__Provided material__.
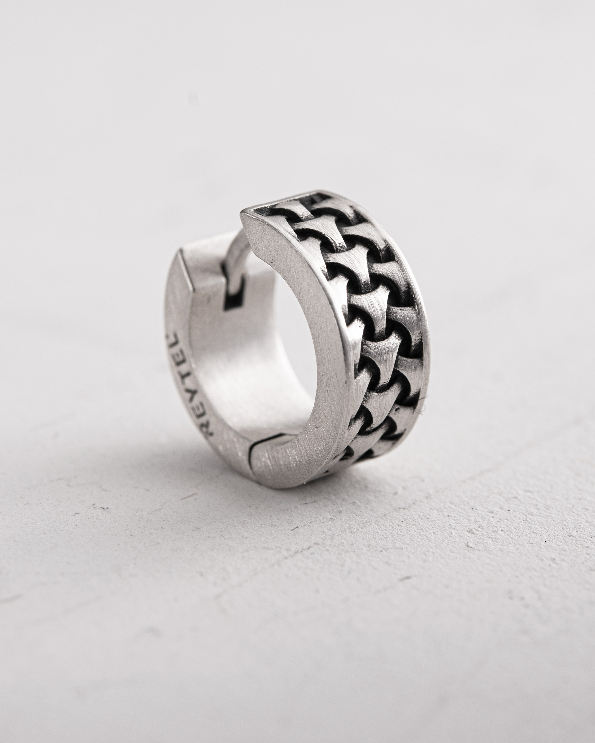 Srebrny kolczyk-koło DEJAVU — nazwa pochodzi z języka francuskiego déjà vu, co oznacza „już widziane”. Symbolizuje ideę powtarzalności, pamięci i więzi z przeszłością, kiedy znajome doświadczenie pojawia się w nowym kontekście. Geometryczny wzór na powierzchni kolczyka przypomina o cyklicznej naturze wydarzeń i nieustannym upływie czasu, gdzie wspomnienia splatają się z nowymi wyborami. To biżuteria dla tych, którzy cenią swoją historię i potrafią dostrzec sens w każdym powtórzeniu. DEJAVU to przypomnienie, że przeszłość i teraźniejszość są zawsze ze sobą powiązane, a doświadczenie czyni nas silniejszymi i mądrzejszymi.
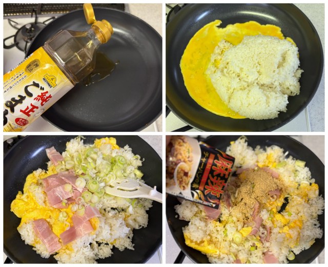 フライパンにごま油を入れて熱したら、溶いた卵、ご飯の順に入れます。続いてベーコン、ネギを加えて軽く火が通ったら、「麻辣チャーハンの素」をれて炒め、全体にまんべんなく色がついたらできあがり♪
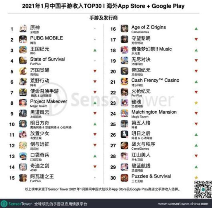 2021年1月中国手游收入榜单,图源Sensor Tower

__Your instructions__.
Restate the listing word for word and drop the pictures.

__Result of this exercise__.
 Srebrny kolczyk-koło DEJAVU — nazwa pochodzi z języka francuskiego déjà vu, co oznacza „już widziane”. Symbolizuje ideę powtarzalności, pamięci i więzi z przeszłością, kiedy znajome doświadczenie pojawia się w nowym kontekście. Geometryczny wzór na powierzchni kolczyka przypomina o cyklicznej naturze wydarzeń i nieustannym upływie czasu, gdzie wspomnienia splatają się z nowymi wyborami. To biżuteria dla tych, którzy cenią swoją historię i potrafią dostrzec sens w każdym powtórzeniu. DEJAVU to przypomnienie, że przeszłość i teraźniejszość są zawsze ze sobą powiązane, a doświadczenie czyni nas silniejszymi i mądrzejszymi.
 フライパンにごま油を入れて熱したら、溶いた卵、ご飯の順に入れます。続いてベーコン、ネギを加えて軽く火が通ったら、「麻辣チャーハンの素」をれて炒め、全体にまんべんなく色がついたらできあがり♪
 2021年1月中国手游收入榜单,图源Sensor Tower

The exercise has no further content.